EXERCISE DETAILS: Print, with no pictures, the exact lines that run from the one containing "福彩3D25303期龙虎斗胆码 杀码图 发表于:2025-11-13" through the last line of the material below, both ends included.

START INFORMATION PROVIDED

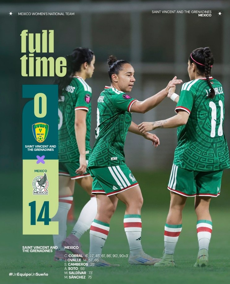 寰宇杯预选赛墨西哥女足14-0狂胜,科拉尔一东说念主打进7球
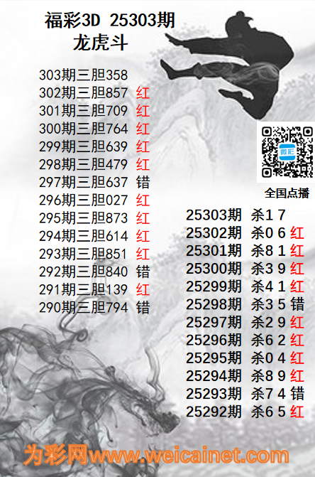 福彩3D25303期龙虎斗胆码 杀码图 发表于:2025-11-13 13:34:01 浏览次数:378 上一篇:福彩3D25303期财神送彩杀三码 下一篇:福彩3D25303期鲸落万物生胆码推荐 福彩3D定位5荣誉榜
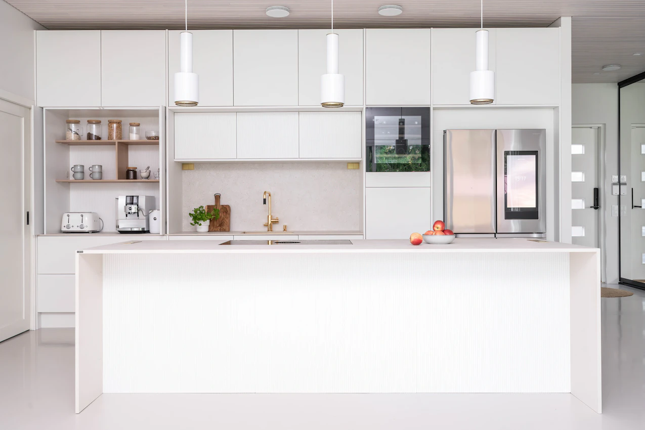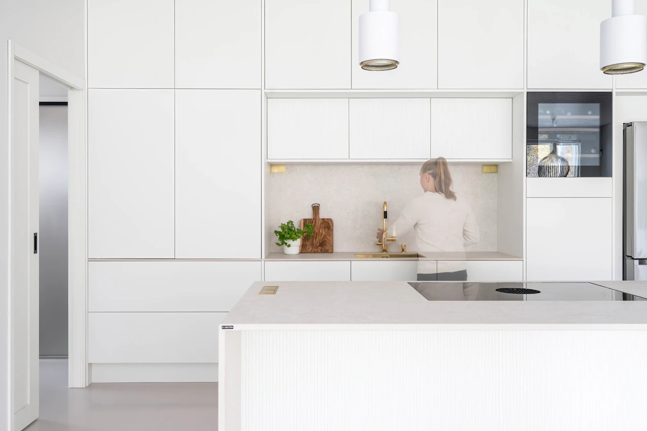 Dekton Nebbia as the foundation of a refined and welcoming kitchen.
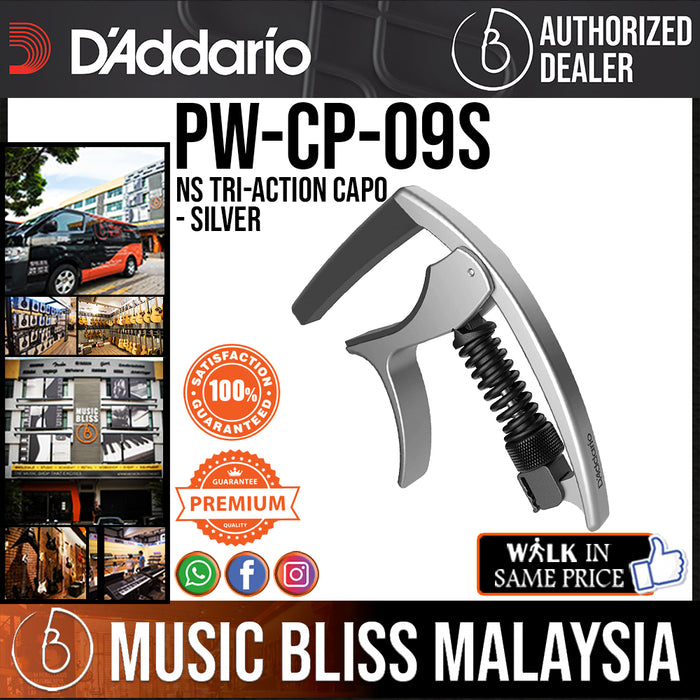 The Planet Waves NS Tri-Action Capo gives you buzz-free, in-tune performance on any fret of your 6-string guitar. This lightweight aluminum Ned Steinberger design features Tri-Action geometry that's easy on your hands and provides quick and effortless operation. With micrometer tension adjustment and direct horizontal pressure, the Tri-Action effectively eliminates lateral string pull (and the need for frequent re-tunings), giving you even tension across all your strings - regardless of your guitar's neck profile. It even has an integrated pick holder. Put a Planet Waves NS Tri-Action Capo in your gig bag today!
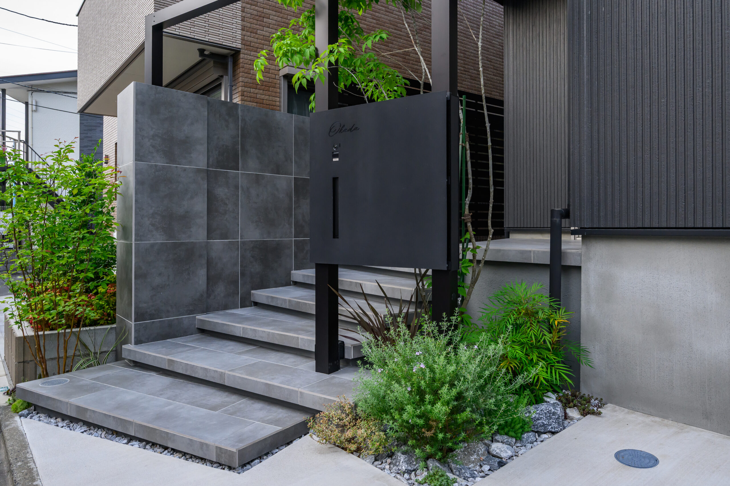 • 外構全体はダークトーンで統一し、モダンで引き締まった印象を与えます。これに対し、シンボルツリーには近年人気が高まっているアオダモを採用しました。

END INFORMATION PROVIDED

TASK RESPONSE:
 福彩3D25303期龙虎斗胆码 杀码图 发表于:2025-11-13 13:34:01 浏览次数:378 上一篇:福彩3D25303期财神送彩杀三码 下一篇:福彩3D25303期鲸落万物生胆码推荐 福彩3D定位5荣誉榜
 Dekton Nebbia as the foundation of a refined and welcoming kitchen.
 The Planet Waves NS Tri-Action Capo gives you buzz-free, in-tune performance on any fret of your 6-string guitar. This lightweight aluminum Ned Steinberger design features Tri-Action geometry that's easy on your hands and provides quick and effortless operation. With micrometer tension adjustment and direct horizontal pressure, the Tri-Action effectively eliminates lateral string pull (and the need for frequent re-tunings), giving you even tension across all your strings - regardless of your guitar's neck profile. It even has an integrated pick holder. Put a Planet Waves NS Tri-Action Capo in your gig bag today!
 • 外構全体はダークトーンで統一し、モダンで引き締まった印象を与えます。これに対し、シンボルツリーには近年人気が高まっているアオダモを採用しました。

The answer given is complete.